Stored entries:
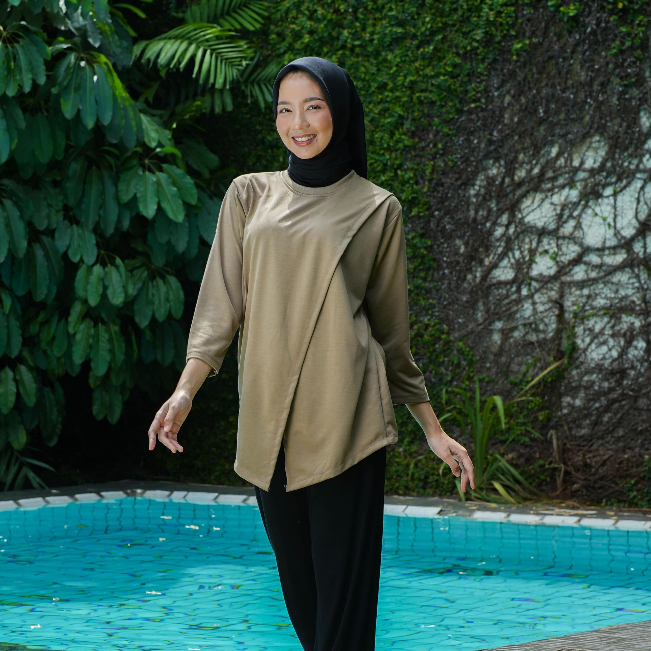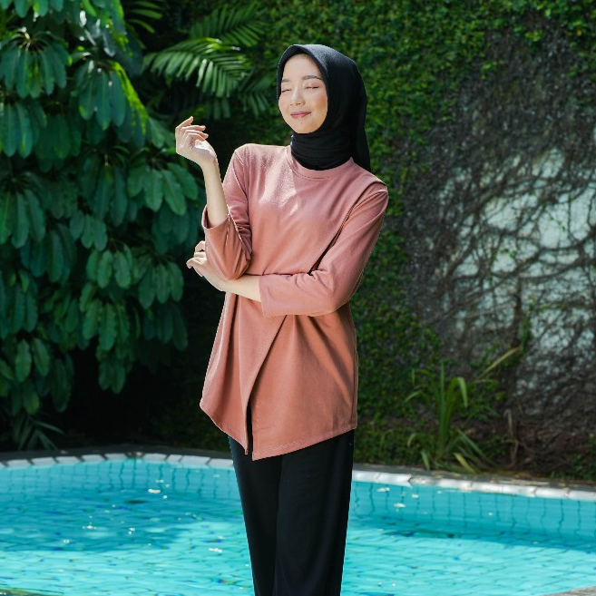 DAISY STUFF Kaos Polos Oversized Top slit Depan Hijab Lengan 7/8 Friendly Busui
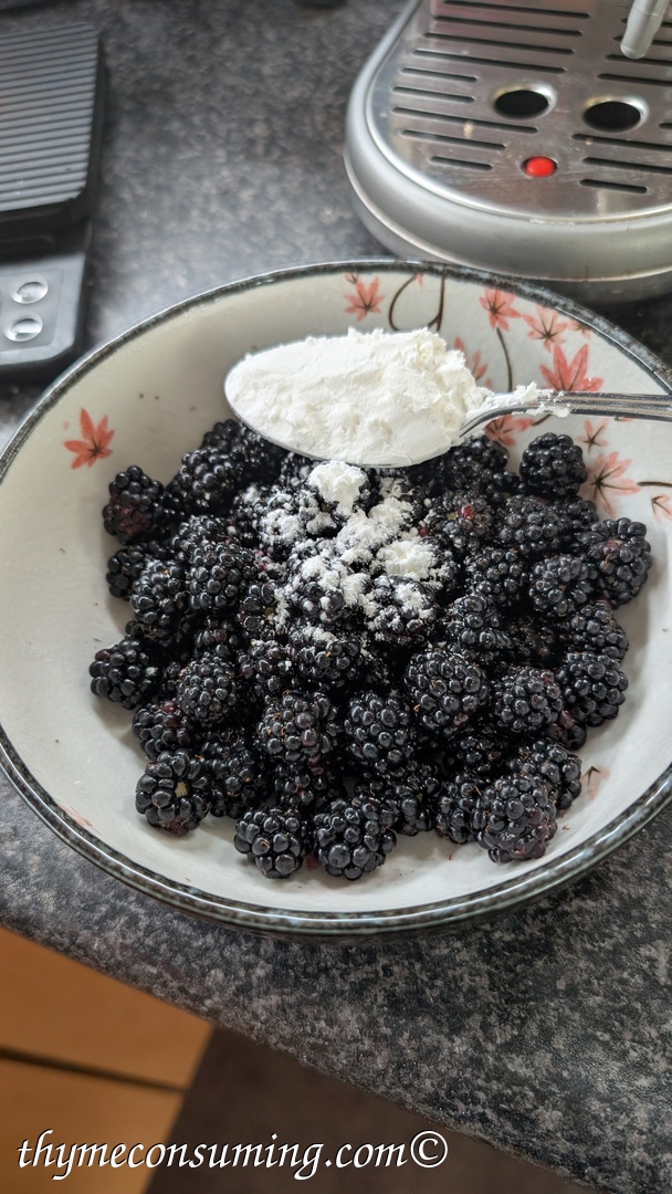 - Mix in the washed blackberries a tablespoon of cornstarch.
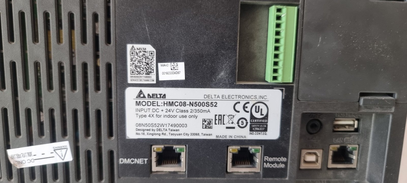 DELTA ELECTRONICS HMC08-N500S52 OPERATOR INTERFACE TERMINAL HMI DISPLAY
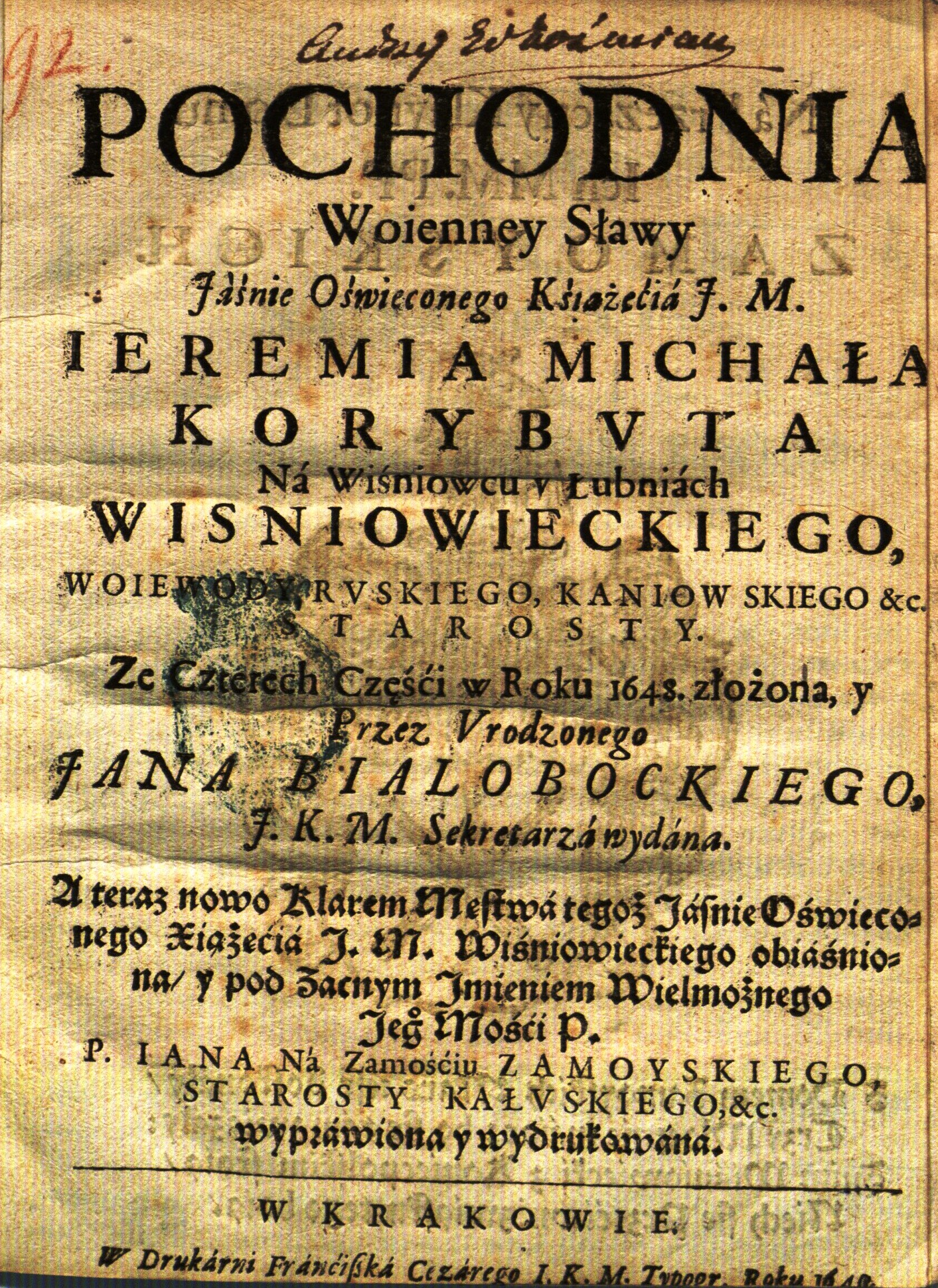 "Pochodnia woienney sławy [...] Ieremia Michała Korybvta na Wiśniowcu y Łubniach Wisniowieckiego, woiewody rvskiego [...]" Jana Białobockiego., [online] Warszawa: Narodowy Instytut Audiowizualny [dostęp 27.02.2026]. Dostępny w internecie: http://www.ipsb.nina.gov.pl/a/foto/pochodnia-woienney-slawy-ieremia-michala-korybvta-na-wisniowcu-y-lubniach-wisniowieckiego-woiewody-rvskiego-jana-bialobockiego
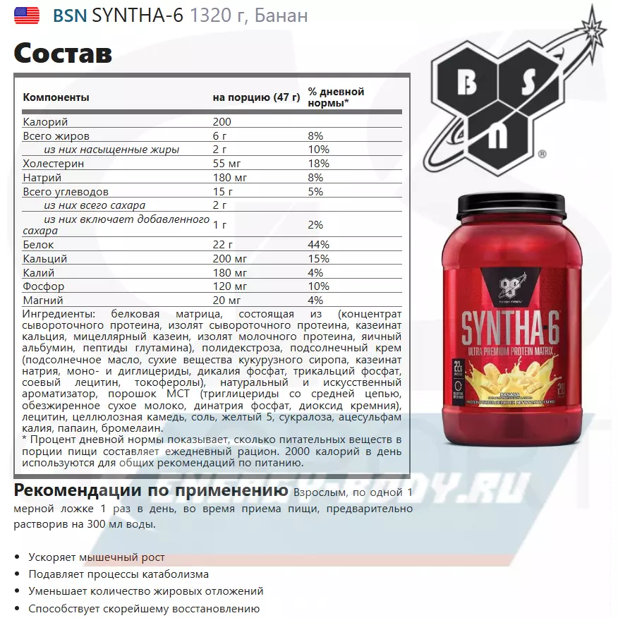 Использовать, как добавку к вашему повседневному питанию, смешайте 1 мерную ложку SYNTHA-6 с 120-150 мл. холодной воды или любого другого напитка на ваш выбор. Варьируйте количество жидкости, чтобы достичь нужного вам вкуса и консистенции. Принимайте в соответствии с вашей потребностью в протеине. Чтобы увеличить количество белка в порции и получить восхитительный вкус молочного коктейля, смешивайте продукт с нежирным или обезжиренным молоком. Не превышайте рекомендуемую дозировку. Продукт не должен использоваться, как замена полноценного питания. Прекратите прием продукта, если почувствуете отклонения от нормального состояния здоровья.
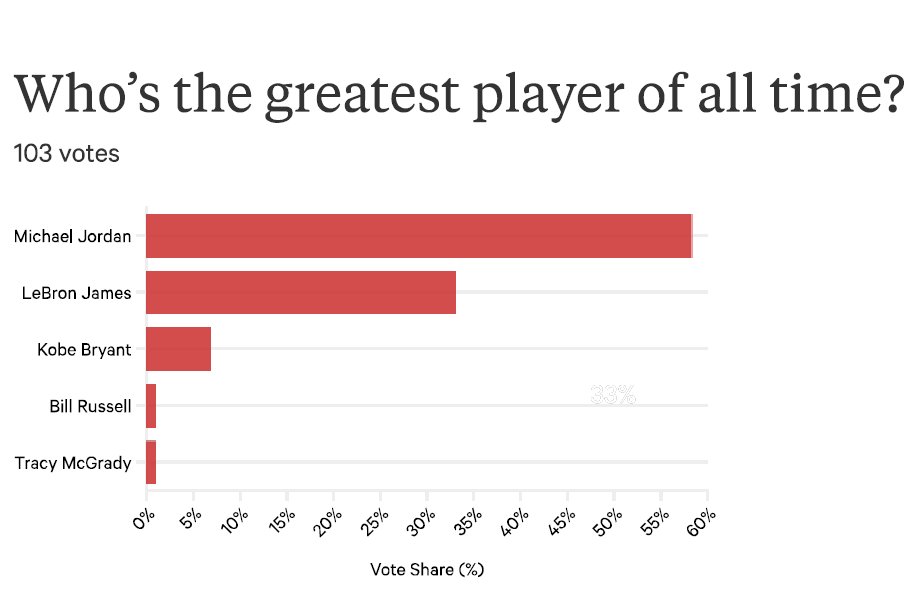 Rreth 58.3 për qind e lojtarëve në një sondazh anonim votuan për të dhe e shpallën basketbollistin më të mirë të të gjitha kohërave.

* EXERCISE AIM
The result should be all the records, retyped exactly, with no pictures among them.

* SOLVED EXERCISE
 DAISY STUFF Kaos Polos Oversized Top slit Depan Hijab Lengan 7/8 Friendly Busui
 - Mix in the washed blackberries a tablespoon of cornstarch.
 DELTA ELECTRONICS HMC08-N500S52 OPERATOR INTERFACE TERMINAL HMI DISPLAY
 "Pochodnia woienney sławy [...] Ieremia Michała Korybvta na Wiśniowcu y Łubniach Wisniowieckiego, woiewody rvskiego [...]" Jana Białobockiego., [online] Warszawa: Narodowy Instytut Audiowizualny [dostęp 27.02.2026]. Dostępny w internecie: http://www.ipsb.nina.gov.pl/a/foto/pochodnia-woienney-slawy-ieremia-michala-korybvta-na-wisniowcu-y-lubniach-wisniowieckiego-woiewody-rvskiego-jana-bialobockiego
 Использовать, как добавку к вашему повседневному питанию, смешайте 1 мерную ложку SYNTHA-6 с 120-150 мл. холодной воды или любого другого напитка на ваш выбор. Варьируйте количество жидкости, чтобы достичь нужного вам вкуса и консистенции. Принимайте в соответствии с вашей потребностью в протеине. Чтобы увеличить количество белка в порции и получить восхитительный вкус молочного коктейля, смешивайте продукт с нежирным или обезжиренным молоком. Не превышайте рекомендуемую дозировку. Продукт не должен использоваться, как замена полноценного питания. Прекратите прием продукта, если почувствуете отклонения от нормального состояния здоровья.
 Rreth 58.3 për qind e lojtarëve në një sondazh anonim votuan për të dhe e shpallën basketbollistin më të mirë të të gjitha kohërave.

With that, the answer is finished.